Why do we have Title 14 - Coast Guard and Title 32 - National Guard when there is Title 10 - Armed Forces? The Coast Guard and the National Guard are clearly both a subset of the Armed Forces.

Why is a "machine gun" defined under Title 26 - Internal Revenue Code, when every single other type of firearm seems to be defined under Title 18 - Crimes and Criminal Procedure? It's not as if Title 26 is redefining a machine gun for the purpose of tax law; Title 18 actually states something along the lines of "Machine gun, as defined in Title 26 / Section etc etc".

I could go on and on about the various inconsistencies that I see in regards to how the U.S.C. is structured. Maybe I see it as more of a problem due to my involvement in software development, a field in which structure is paramount to success, but this just doesn't sit right with me. That leads me to my questions (finally):

1. Are there any underlying reasons behind the nonsensical structure of U.S.C. titles? Is it simply a case of "This is how it's been for awhile, don't fix what isn't broken." or is there more to it than that?

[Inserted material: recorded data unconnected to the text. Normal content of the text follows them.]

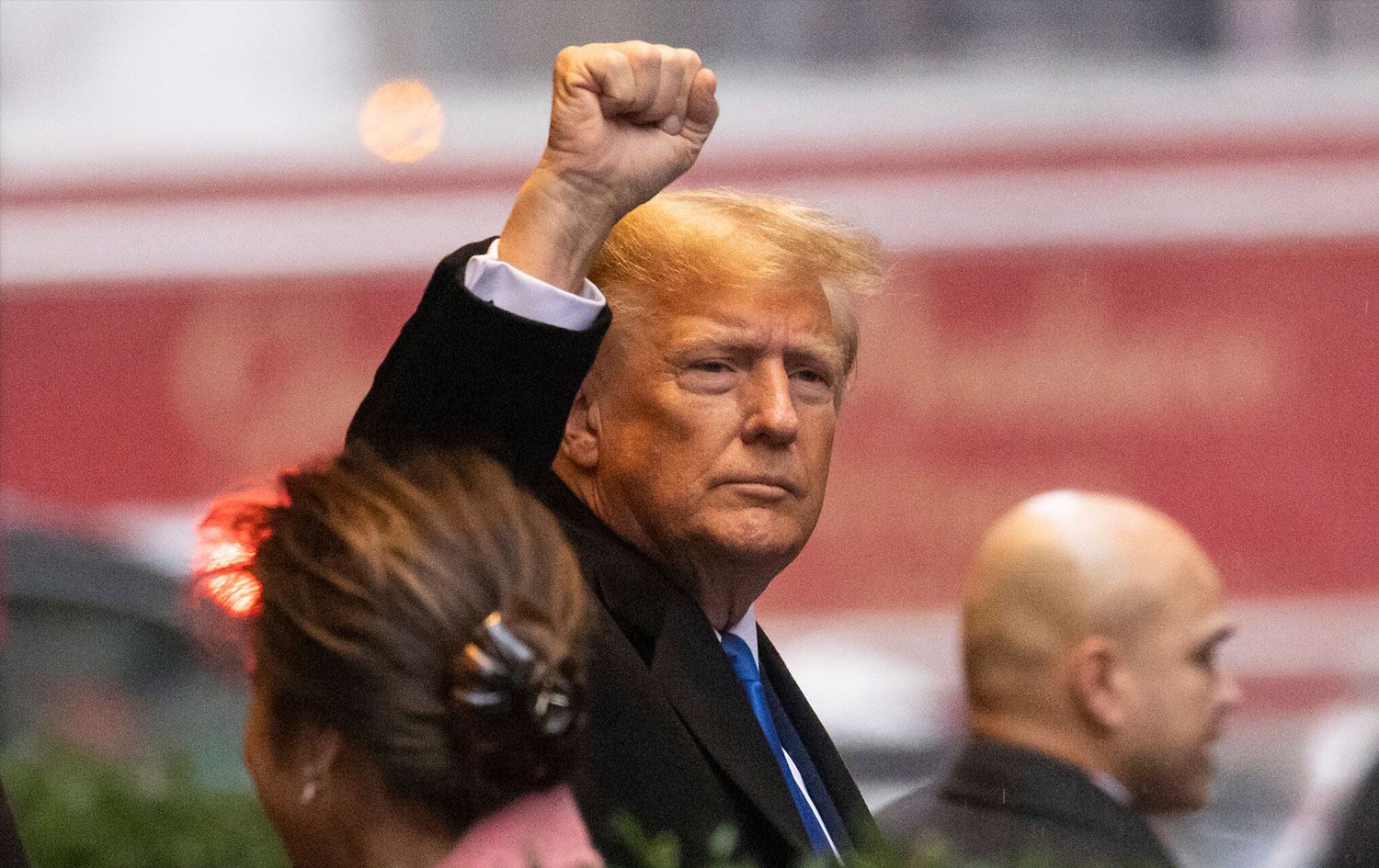 Eski ABD Başkanı Donald Trump, 25 Ocak 2024'te New York'taki evinden ayrılırken yumruğunu kaldırıyor Foto: AP / Yuki Iwamura .
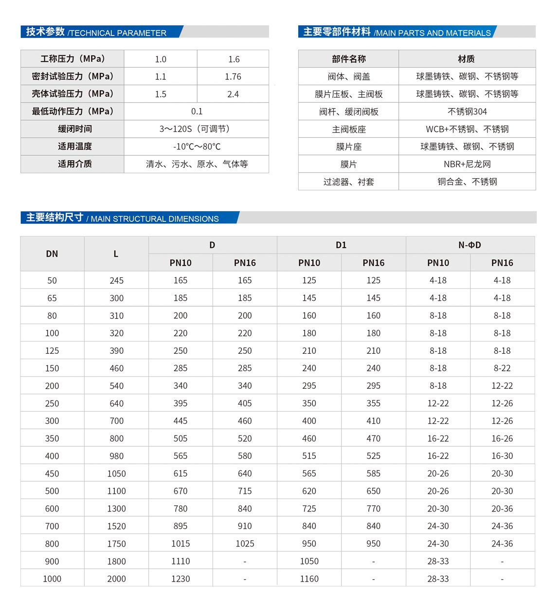 7、DN500口徑以下選用膜片式,DN500口徑以上選用活塞式。
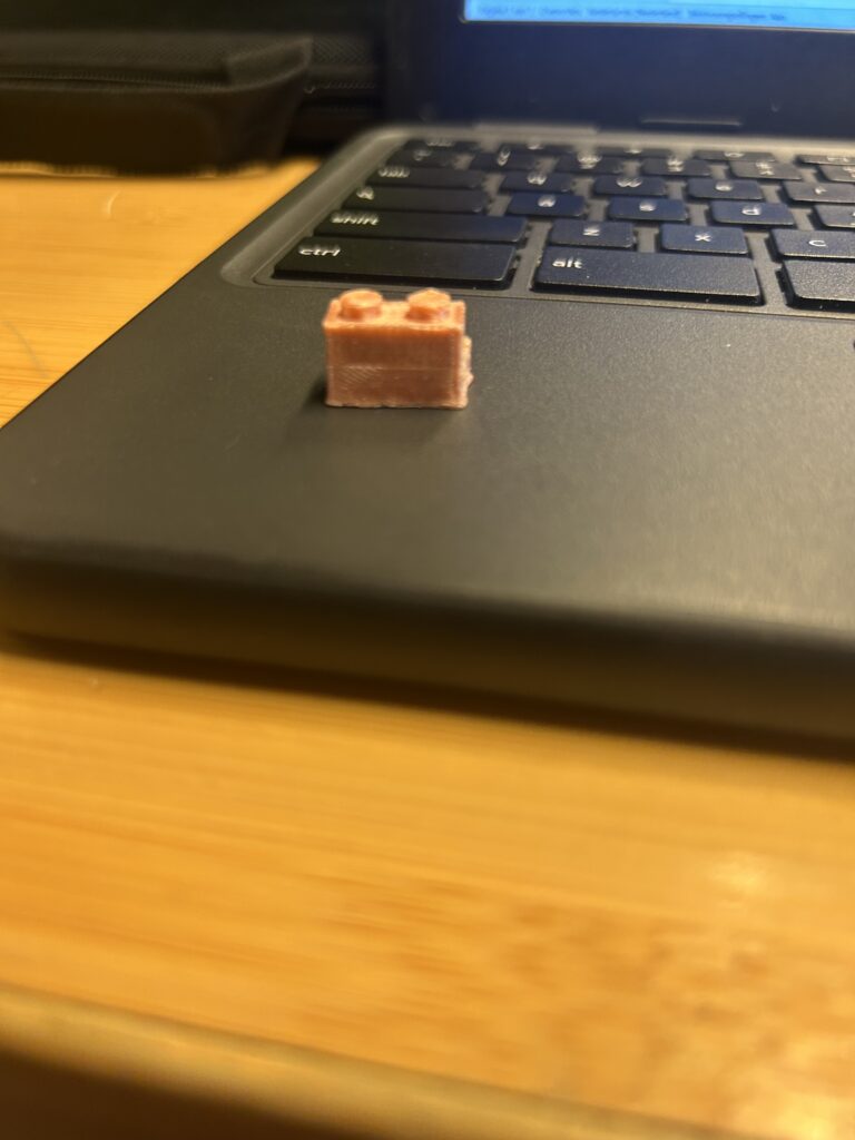 De opdracht: Van de 10 lego blokjes moesten we 1 blokje kiezen die we wouden uitprinten. We moesten het blokje opslaan als skp bestand en moesten we het slicen en opslaan op een usb, dan moesten we de usb in de printer steken en wachten tot het klaar was.
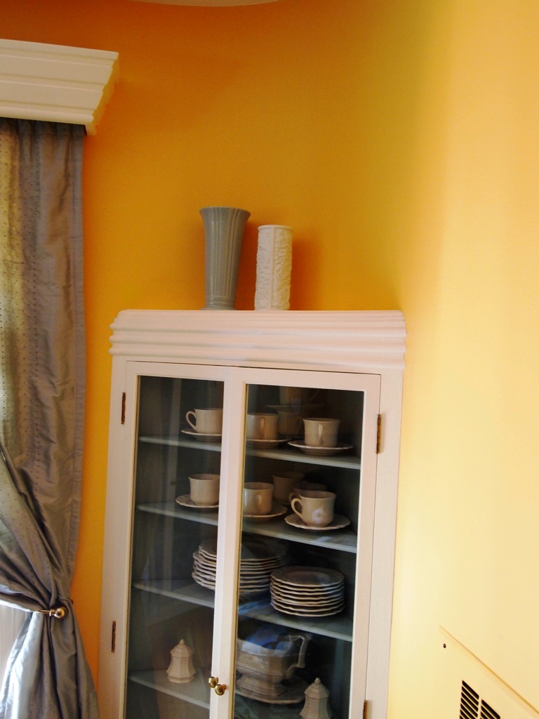 The dining room is painted a shocking caution sign yellow. I can’t stand the color. It offends me every day. I can’t wait until the painter arrives, currently scheduled for the week after Labor Day, while the kids are in school. My china looks fantastic in these built in cabinets that flank the window. The dining room is oval which is super cool. But the color!! Ugh!
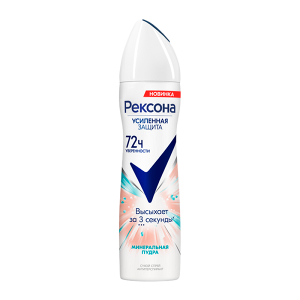 Чувствуйте только комфорт и уверенность в течение всего дня вместе с антиперспирантом-аэрозолем Rexona Минеральная пудра.
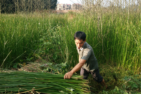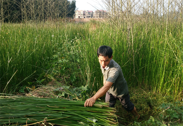 鄧麗娣的愛(ài)人檢查織好的貢席質(zhì)量。 陳莉莉 攝 看著已經(jīng)織好的貢席,記者一眼就能看出貢席的鎖邊工藝區(qū)別于一般的草席,特殊的原草手工鎖邊方式保證了席子不易松散,牢牢地咬住了每一根席草。從外觀上來(lái)看,貢席采用的是特殊的原料莞蒲草都對(duì)半剖開(kāi)后,再由手工編織更細(xì)密結(jié)實(shí),而普通席草沒(méi)有剖開(kāi),機(jī)械直接編織導(dǎo)致成品稀疏。此外,鄧麗娣拿出柜子的一團(tuán)線球,她告訴記者,她織的貢席里面都是用四根纖維麻繩作為牽引,使得席子結(jié)實(shí)不易變形,同時(shí)也讓席子變得厚實(shí),可普通的草席僅僅是用單根化纖線做牽引線而已。 “目前市面上買的草席基本都是機(jī)器編制的,漂亮是漂亮,但做工再好,也難以達(dá)到‘站立不倒,滴水不漏’的說(shuō)法……”據(jù)當(dāng)?shù)卮迕窠榻B,這個(gè)草席更神奇的是有很多保健功效,睡在草席上不患風(fēng)濕,當(dāng)嚴(yán)冬臘月睡草席,可以不用床墊,赤膊睡在上,很快就能暖和起來(lái),如在炎熱的夏天,睡在上面有一股清涼的氣味撲鼻而來(lái)。 據(jù)了解,編織貢川草席的席草——莞蒲草,對(duì)土壤的要求特別高,需種植在特有的沼澤山壟田里,田里常年要有山泉水流動(dòng),保證土壤的濕度,長(zhǎng)出的莞蒲草纖維長(zhǎng),柔韌性強(qiáng),不易斷裂。 技藝相傳 巧手編織幸福生活
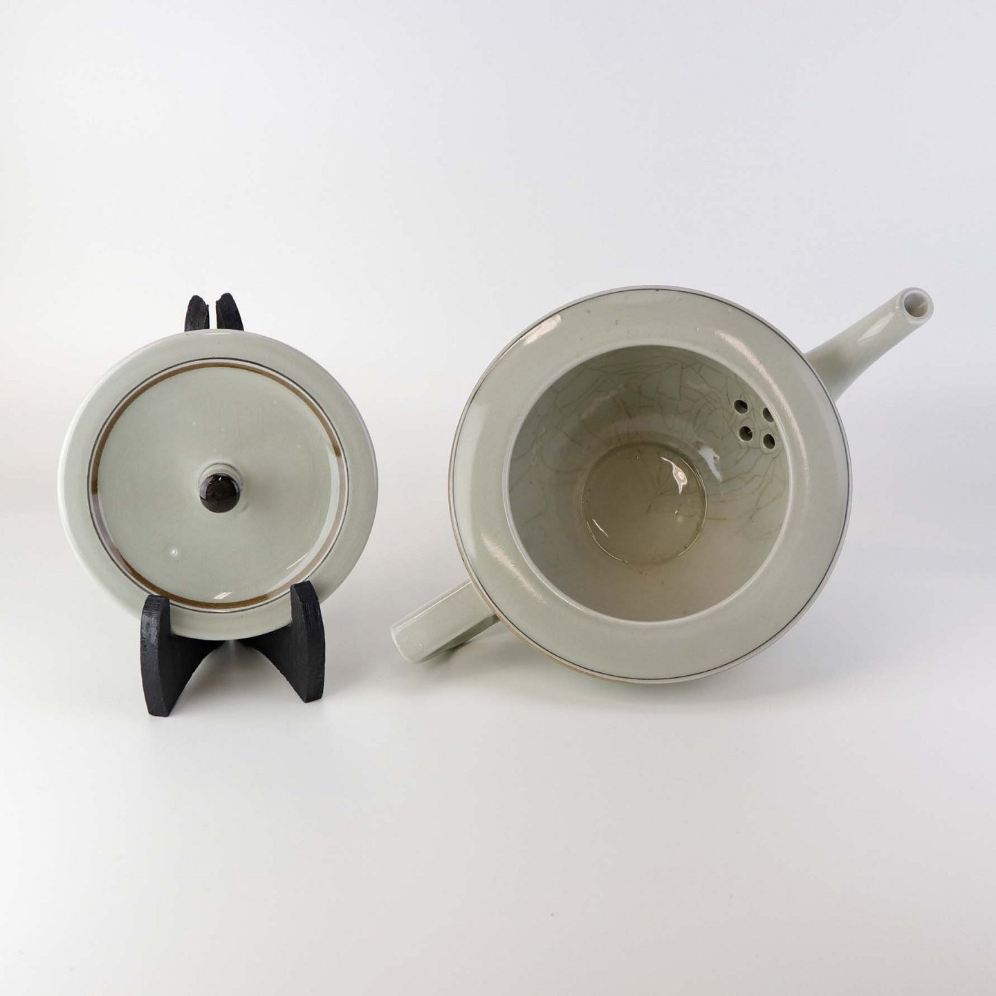 Fremstår med indvendige krakkeleringer i glasuren, lettere ujævn glasur på topkanten samt mindre brugsspor på glasuren ved tuden.

2. Pretend that over the next few election cycles, a super majority of software engineers and computer scientists are elected to the House and Senate. These people take structure very seriously, and they are very unhappy with the structure of the U.S.C. Barring the even more ridiculous case of Congress repealing everything and passing the exact same laws again, just under different Titles/Chapters/etc, would it be possible for Congress to arbitrarily merge, combine, and delete Titles, and to rearrange the location of laws, definitions, etc? Are there laws/regulations governing this?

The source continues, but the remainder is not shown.